The reason was rivalry with the local, influential Sirigere mutt seer representing Sadar, another Lingayat sub-sect, which ensured that a Kuruba got elected. Nijalingappa had to look for a constituency outside his Chitradurga district and was elected unopposed from Bagalkot two months later.

In the 1980s it was former chief minister Ramakrishna Hegde who started the trend of politicians and pontiffs sharing the dais. He also sanctioned land to mutts for starting professional colleges.

Some mutts have tried to arm-twist the government. The most embarrassing public spat was between Yediyurappa and the Panchamasali (a sub-sect of the Lingayats) Gurupeetha seer Vachanananda Swami over giving cabinet berths to the sub-sect in January 2020. The seer threatened that the Panchamasalis would not support Yediyurappa if he failed to accommodate three ministers from the sub-sect into the cabinet.

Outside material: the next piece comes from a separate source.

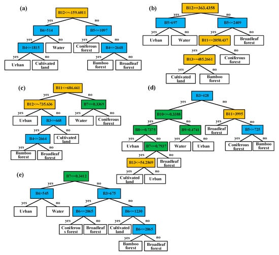 The various optimal decision trees indicate that there is a big difference among the variables and nodes threshold of segmentation in different years. Overall, the original bands are most of the variables used to build the decision tree, and the structure of the variables used by each tree varies greatly. Although images are processed to a uniform atmospheric correction, the difference in the time of image acquisition still have some effect, and there are also differences in the spectral image values of Landsat TM and Landsat OLI. Therefore, the values of the optimal characteristic bands selected when extracting forest information will be different. In Figure 2, with respect to vegetation, the original image bands and the first three components were mainly used to construct the rules from 1995 to 2009. In addition, B6 is the segmentation variable for discriminating the three forest types. B4, B5 and B6 are mainly used to extract bamboo forest from the other two forest types, especially B4, which divides it and broadleaf forest in 1995 and 2005. However, B7 (NDVI) seems to be more important in the segmentation of land types in 2015. This is mainly because of the formation date of the different images. NDVI, as the standard index for monitoring the growth state of vegetation, is able to separate them from other land types, and the vegetation in 2015 is growing in maturity, exhibiting a high value. As for urban and water, B5 and B6 are the core segmentation variables, and are prominent from other bands with different thresholds in different years.

The present Chief Minister Basavaraj Bommai is also under pressure with the Panchamsalis demanding higher reservation in employment and education. Pontiff Basava Jaya Mruthyunjaya, who is spearheading the campaign for higher reservation, told National Herald that they want reservation under 2(A) category of Karnataka's reservation policy in education and employment from 3(B), raising the quotas for the sub-sect from the present five per cent to 15 per cent. “The community stood by Yediyurappa and made him CM; we opposed him when he failed to get us the quota and we will continue our agitation with Bommai," he added.

Basavaraj Bommai represents the Sadar sub-sect which numerically is not very significant. Yediyurappa, who originally hails from Mandya district, represents Banajuga (Baniya), the most influential subsect among the Lingayats. But the Panchamasalis are numerically more accounting for 80 per cent of the total Lingayat population.